As lágrimas caíram. Ao ler as mensagens deixadas num improvisado memorial a Jo Cox, deputado do Labour que na semana passada foi assassinada, e tantas flores, Moira Murray não se conteve. Poucos conheciam Jo Cox, mas a sua vida acabou revelada pelos acontecimentos. Dedicava-se a causas sociais e defendia quem estava em posições mais desfavorecidas. Era deputada do partido trabalhista e morreu às mãos de um extremista.
Moira Murray volta a emocionar-se. E lamenta o discurso extremado, de quem apela à saída do Reino unido da União Europeia. "Encorajam o racismo e esta terrível violência". O memorial, em frente ao Parlamento britânico, é agora mais um registo para os turistas de máquina em punho.
Andrew acredita que este acontecimento não terá reflexo no resultado do referendo. Mas aponta o dedo ao que alguns britânicos se tornaram. Diz ser socialista de coração, mas não o socialista que ensinam na escola, do Lenine e Estaline. Assume que não sabia muito da deputada, mas agora gostaria de ter mais políticos como Cox. "É triste acontecer isto a quem faz o que é correcto". Aproveita para os atacar. "Os políticos não se preocupam em dizer a verdade, mas a construir uma narrativa".
E ambos os lados das campanhas não têm dito, acredita, toda a verdade. Atira em particular a Nigel Farage, lider do UKIP, e a Michael Gove. Já em relação a Boris Johnson, as comparações são feitas com Trump.
Moira faz o mesmo paralelismo: já imaginou o Reino Unido ter como primeiro-ministro Boris Johnson e os EUA como presidente Trump?, pergunta horrorizada. "É um oportunista. Quer chegar ao poder. E finge ser uma pessoa simpática. Mas não é.
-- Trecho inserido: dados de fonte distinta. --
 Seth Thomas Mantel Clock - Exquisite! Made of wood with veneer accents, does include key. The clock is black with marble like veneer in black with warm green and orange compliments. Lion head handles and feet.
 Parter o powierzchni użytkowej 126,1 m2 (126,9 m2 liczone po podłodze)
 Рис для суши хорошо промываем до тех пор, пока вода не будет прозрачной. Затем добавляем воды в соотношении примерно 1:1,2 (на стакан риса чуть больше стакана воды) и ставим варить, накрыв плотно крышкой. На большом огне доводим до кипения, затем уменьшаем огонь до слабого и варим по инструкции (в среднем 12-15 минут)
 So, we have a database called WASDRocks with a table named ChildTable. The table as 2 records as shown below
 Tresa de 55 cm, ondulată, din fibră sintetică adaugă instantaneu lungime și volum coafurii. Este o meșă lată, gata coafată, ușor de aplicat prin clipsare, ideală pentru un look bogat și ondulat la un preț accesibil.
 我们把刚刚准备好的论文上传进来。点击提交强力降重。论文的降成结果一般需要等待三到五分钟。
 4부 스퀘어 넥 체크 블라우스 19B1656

É uma pessoa cheia de esquemas que quer ganhar poder". Aponta para os arranha-céus do outro lado do Rio Tamisa, para dizer que foram autorizados por Johnson quando era presidente da câmara de Londres. "E estão vazios..." e os jovens têm de pagar rendas altíssimas pelas casas, atira. Num desses prédios, do outro lado do rio, está registada a sede do Vote Leave, a campanha autorizada de Boris Johnson. Mas quem por lá passa, não diz que ali reside o coração da campanha.
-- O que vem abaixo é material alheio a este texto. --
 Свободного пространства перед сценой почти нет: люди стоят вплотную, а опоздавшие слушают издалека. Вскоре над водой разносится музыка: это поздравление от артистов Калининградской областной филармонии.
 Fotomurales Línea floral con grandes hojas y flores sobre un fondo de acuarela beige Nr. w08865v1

Nem uma bandeira, nem um cartaz
Aliás, por Londres, pouco se vai notando que dentro de dois dias há um referendo, que pode mudar a face do Reino unido. Andrew diz que é normal. Acredita que os britânicos, apesar de lerem muito, estão mal informados. Não se discutem os assuntos devidamente, diz. Para Moira, o debate centrou-se demasiado nos emigrantes e no racismo. Andrew lamenta ter descoberto um país tão racista. E, por isso, até vai admitindo que se o extremismo vencer... saia à rua a reclamar. Moira nem quer pensar nesse cenário. "I hope we stay", diz depois de confessar ter visitado Lisboa e ter gostado muito.